Here is the base structure:

@dataclass
class ConstraintViolation:
    rule_name: str
    severity: ViolationSeverity # CRITICAL, HIGH, MEDIUM, LOW
    message: str
    blocked_action: str

class ConstraintEngine:
    def validate_plan(self, plan: Dict[str, Any]) -> ConstraintResult:
        # Loop through rules and return approval status
        # If CRITICAL or HIGH severity violations exist, BLOCK.

The Rules are Dumb (And That's Good)

We don't need the AI to "understand" why deleting the database is bad. We just need to catch the syntax.

Take the SQLInjectionRule. It doesn't ask an LLM if the query is safe. It uses Regex to look for dangerous patterns.

class SQLInjectionRule(ConstraintRule):
    DANGEROUS_PATTERNS = [
        r'\bDROP\s+TABLE\b',
        r'\bDELETE\s+FROM\b.*\bWHERE\s+1\s*=\s*1\b',
        r';\s*DROP\b',  # Command chaining
    ]

    def validate(self, plan):
        query = plan.get("query", "")
        for pattern in self.DANGEROUS_PATTERNS:
            if re.search(pattern, query, re.IGNORECASE):
                return ConstraintViolation(
                    severity=ViolationSeverity.CRITICAL,
                    message=f"Dangerous SQL detected: {pattern}"
                )

Is this primitive? Yes. Is it 100% effective against a standard DROP TABLE command? Also yes. It doesn't matter how "persuasive" the jailbreak prompt was; this Regex doesn't care about context. It cares about syntax.

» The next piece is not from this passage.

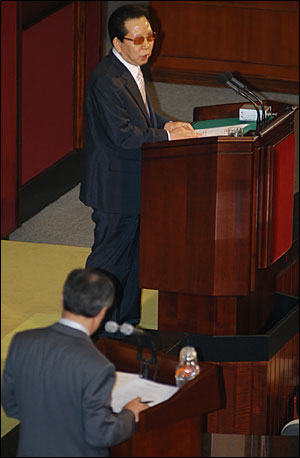 17대 국회에 들어와 첫 대정부질의를 하게 된 정 의원은 비서관의 도움을 받아 연단에 오른 후 먼저 시각장애를 감안해 50%의 추가 시간을 준 것에 대해 국회의원장에게 감사의 표현을 했다.
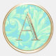 ALL INITIALS Gold Monogram Turquoise Aqua Damas Classic Round Sticker

The Paradox: Safety Enables Creativity

This is the most counter-intuitive finding from this experiment.

Usually, when we want an AI agent to be safe, we turn the Temperature (randomness) down to 0.0. We want it robotic and predictable. But this kills the AI's ability to come up with clever solutions to complex problems.

With a Constraint Engine, you can actually crank the temperature up.

You can run your LLM at 0.9 or 1.0. Let it have wild ideas! Let it try to write a recursive file deletion script to clean up logs!

Scenario A (No Firewall): AI hallucinates rm -rf /. Server is wiped.
Scenario B (With Firewall): AI hallucinates rm -rf /. The FileOperationRule catches it. The agent receives an error: "Action Blocked: root deletion not allowed." The AI then self-corrects: "Ah, sorry. I will delete specific log files instead."

The firewall acts as the boundaries of the playground. You can let the "children" (AI) run wild, knowing the gate is locked.

Beyond SQL: Cost and Scope

This approach extends beyond just blocking dangerous commands. It works beautifully for budget control.

I implemented a CostLimitRule. If an agent proposes an API call sequence or a cloud operation that exceeds $0.05, the engine blocks it.

class CostLimitRule(ConstraintRule):
    def validate(self, plan):
        if plan['estimated_cost'] > self.max_cost:
            return ConstraintViolation(
                severity=ViolationSeverity.HIGH,
                message="Cost exceeds authorized limit."
            )

This prevents the "Infinite Loop Bankruptcy" scenario where an agent gets stuck in a loop calling an expensive API.

Summary

We are entering an era where AIs are no longer just chatbots; they are doers. Relying on the AI's "self-control" (via system prompts) to protect your infrastructure is negligent.

There are great enterprise tools out there like NVIDIA NeMo Guardrails that do semantic checking, but sometimes you just need a simple, deterministic Python class.